We investigated the effect of casticin on apoptosis induced by tumor necrosis factor (TNF)-related apoptosis-inducing ligand (TRAIL). We found that casticin potentiated TRAIL-induced apoptosis in human colon cancer cells. Casticin downregulated cell survival proteins including Bcl-xL, Bcl-2, survivin, XIAP and cFLIP, and induced death receptor 5 (DR5), but had no effect on DR4 and decoy receptors (DcR1 or DcR2). Deletion of DR5 by siRNA significantly reduced the apoptosis induced by TRAIL and casticin. In addition, casticin induced reactive oxygen species (ROS) generation in a dose-dependent manner. Collectively, the present study showed that casticin potentiates TRAIL-induced apoptosis through downregulation of cell survival proteins and induction of DR5 mediated by ROS.

Introduction

Tumor necrosis factor (TNF)-related apoptosis-inducing ligand (TRAIL) is a member of the TNF superfamily, and has a strong antitumor activity in a wide range of cancer cell types with minimal cytotoxity to most normal cells and tissues (1).

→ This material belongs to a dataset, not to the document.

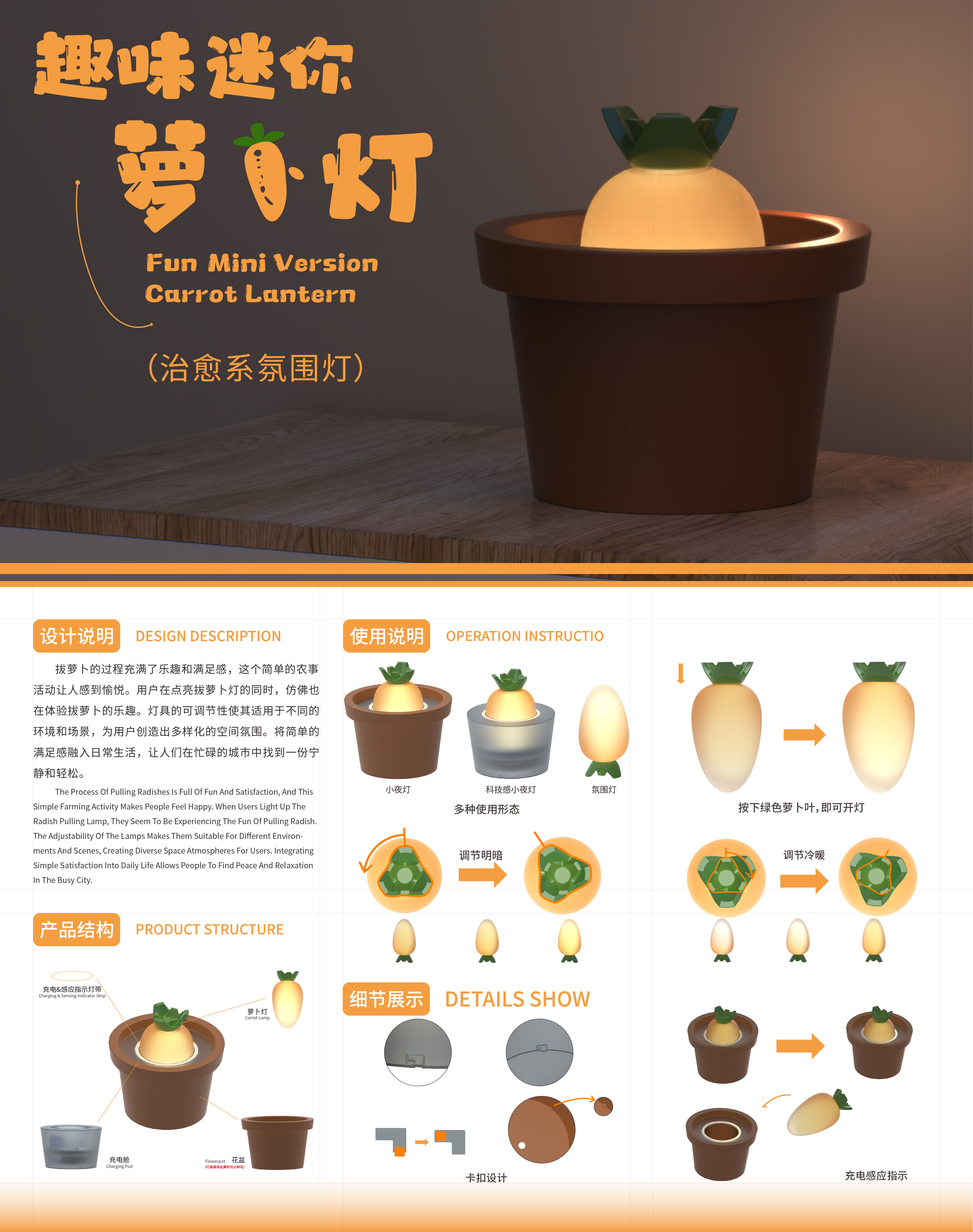 拔萝卜的过程充满了乐趣和满足感,这个简单的农事活动让人感到愉悦。用户在点亮拔萝卜灯的同时,仿佛也在体验拔萝卜的乐趣。灯具的可调节性使其适用于不同的环境和场景,为用户创造出多样化的空间氛围。将简单的满足感融入日常生活,让人们在忙碌的城市中找到一份宁静和轻松。

TRAIL induces cell apoptosis by interacting with cell-surface receptors, five of which have been discovered thus far, including the two agonistic receptors, death receptor (DR)4 and DR5, and the three antagonistic decoy receptors, DcR1, DcR2 and osteoprotegerin (2,3). DR4 and DR5 contain a cytoplasmic region designated as the ‘death domain’ (DD), and, following ligation of TRAIL, they recruit and activate an adaptor protein known as Fas-associated death domain (FADD) through interactions between the DD on them and FADD. FADD, in turn, recruits and activates caspase-8 via its death effector domain (DED), leading to the formation of the death-inducing signaling complex (DISC). Activation of caspase-8 subsequently initiates proteolytic activation of downstream effector caspases such as caspase-3, -6 and -7 and finally induces apoptosis. Alternatively, caspase-8 can also trigger a mitochondria-dependent apoptotic amplification loop by activating Bid, which induces the release of cytochrome c from mitochondria, the activation of caspase-9, caspase-3, caspase-7 and finally apoptosis (4). Recent studies have shown that a number of cancer cells are resistant to apoptosis induction by TRAIL (5). The mechanisms involved in TRAIL resistance include the loss of DR4 or DR5, upregulation of decoy receptors, alternations in expression of proteins that affect caspase activation (inactivation of pro-apoptotic molecules: Bax, Bak, Bad, Bim or Bid; overexpression of anti-apoptotic molecules: survivin, cFLIP, FAP-1, Bcl-2, Bcl-xL) (57). However, TRAIL-resistant cancer cells can be sensitized by combined treatment with chemotherapeutic drugs and TRAIL (811), suggesting that TRAIL resistance may be overcome by combination treatment, which may be a promising novel approach in cancer therapy.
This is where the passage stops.